= Ōshima, Nagasaki (Kitamatsuura) =

Municipality in Nagasaki prefecture, Japan

Ōshima (大島村, Ōshima-mura) was a village located on Azuchi-Oshima Island in Kitamatsuura District, Nagasaki Prefecture, Japan.

As of 2003, the village had an estimated population of 1,659 and a density of 106.89 persons per km^{2}. The total area was 15.52 km^{2}.

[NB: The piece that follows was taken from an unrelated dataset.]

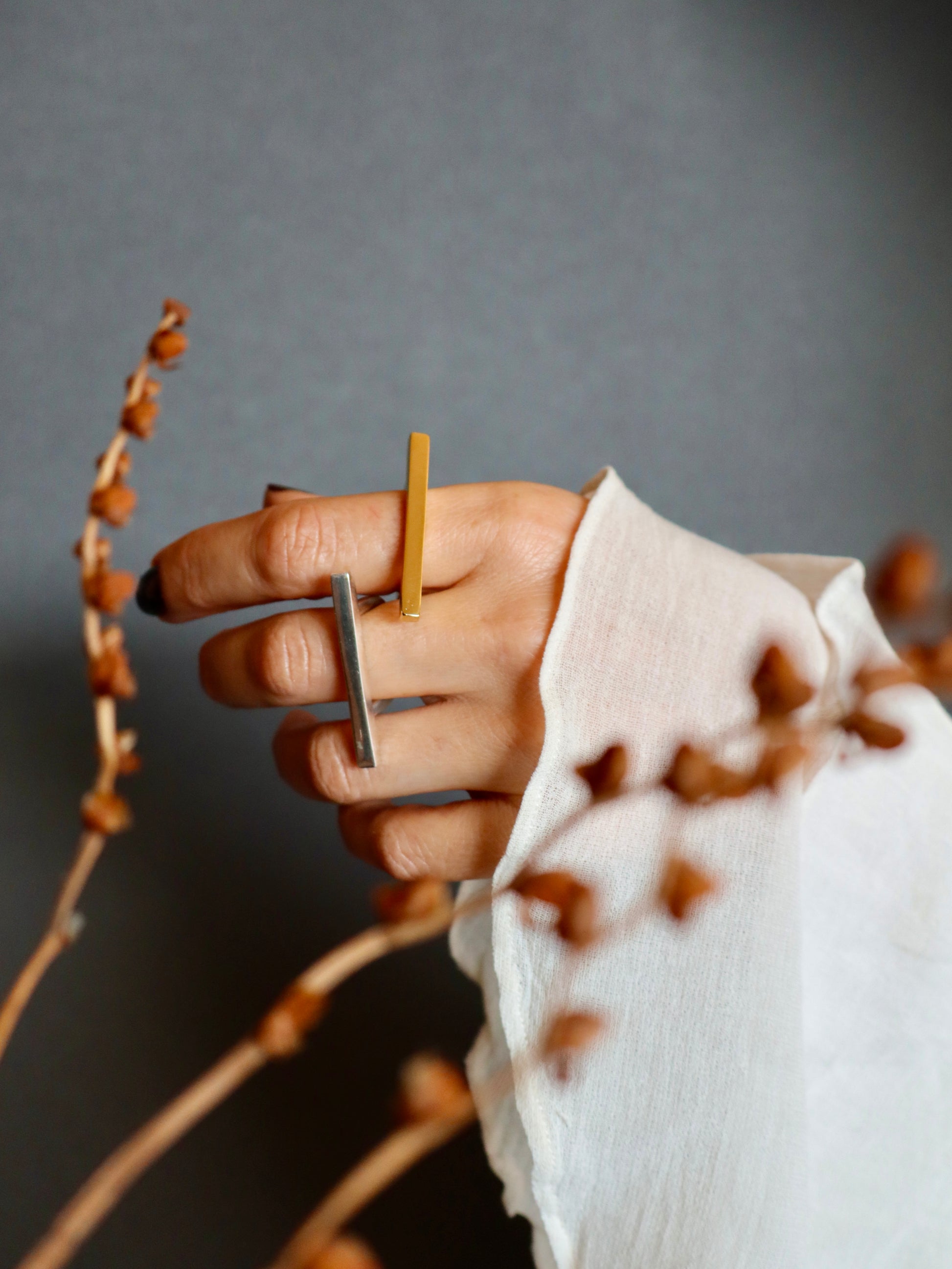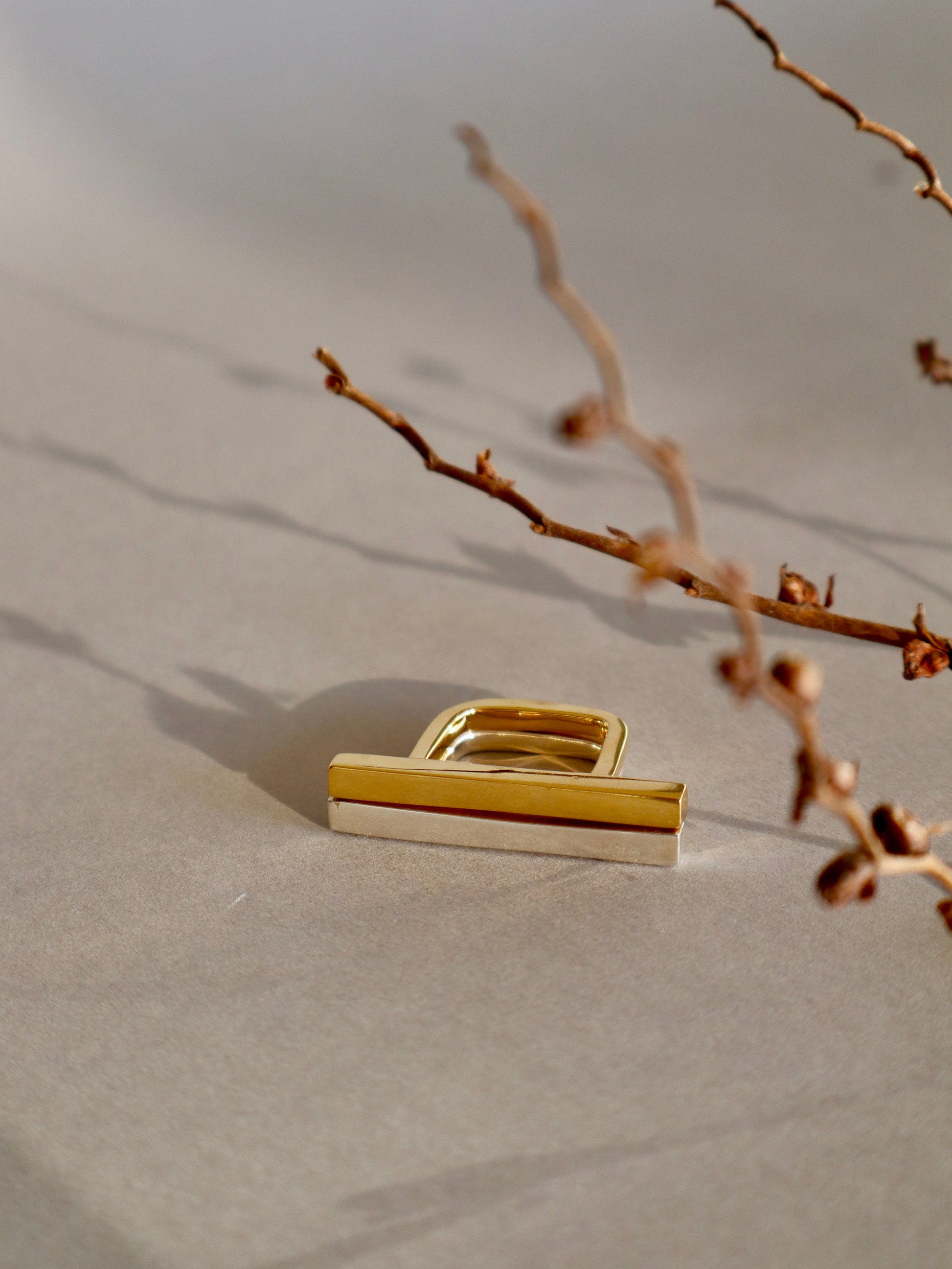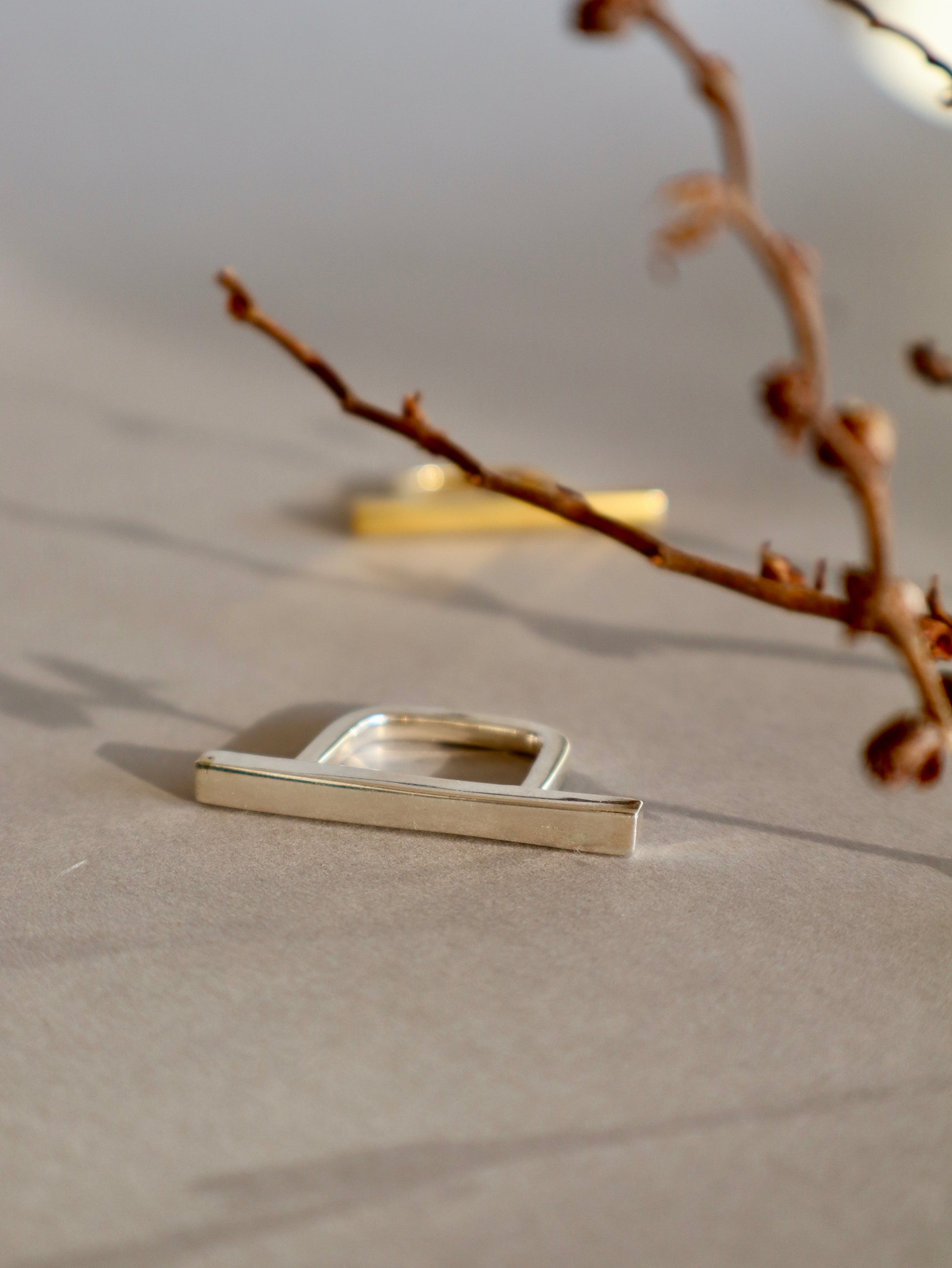 Pieza geométrica unitalla, creado con la técnica distintiva de trabajar directamente sobre el metal. Anillo que fusiona la esencia geométrica con la solidez intrínseca del metal.

On October 1, 2005, Ōshima, along with the towns of Ikitsuki and Tabira (all from Kitamatsuura District), was merged into the expanded city of Hirado.

== Economy ==
The main occupations on the island are fishing, including fish farming, and farming. Crops include tobacco, rice, and potatoes. One use of Ōshima's rice is in the brewing of sake. Other occupations include local government and school teachers. There are also over a dozen wind turbines beautifully located on the island. This wind farm is operated by the company Mitsuuroko Green Energy. The installation consists of 16 Vestas V80-2.0MW with a nameplate capacity of 32000 kW. It began full operation in 2007.

== Access ==
Ōshima can only be reached via a ferry boat from Hirado Port. It takes approximately 45 minutes to get to the island and there are five departures every day in each direction.

== Education ==
There is a public primary school, middle school, and nursery. In March 2011, the only high school on the island closed its doors after its last nine students graduated. During its last three years as an institution, there were as many students as teachers. This closure was due to the general declining birthrate in Japan. Three years earlier the school had stopped accepting incoming students. The building was transferred to the City of Hirado and turned into a community center. Some of the former students at the high school were boarders, some were trouble kids in other schools. The boarders also served to keep up the student numbers in Ōshima's small population.

==Entertainment==

Ōshima has a pachinko parlor, a snack tavern (karaoke), as well as two izakaya.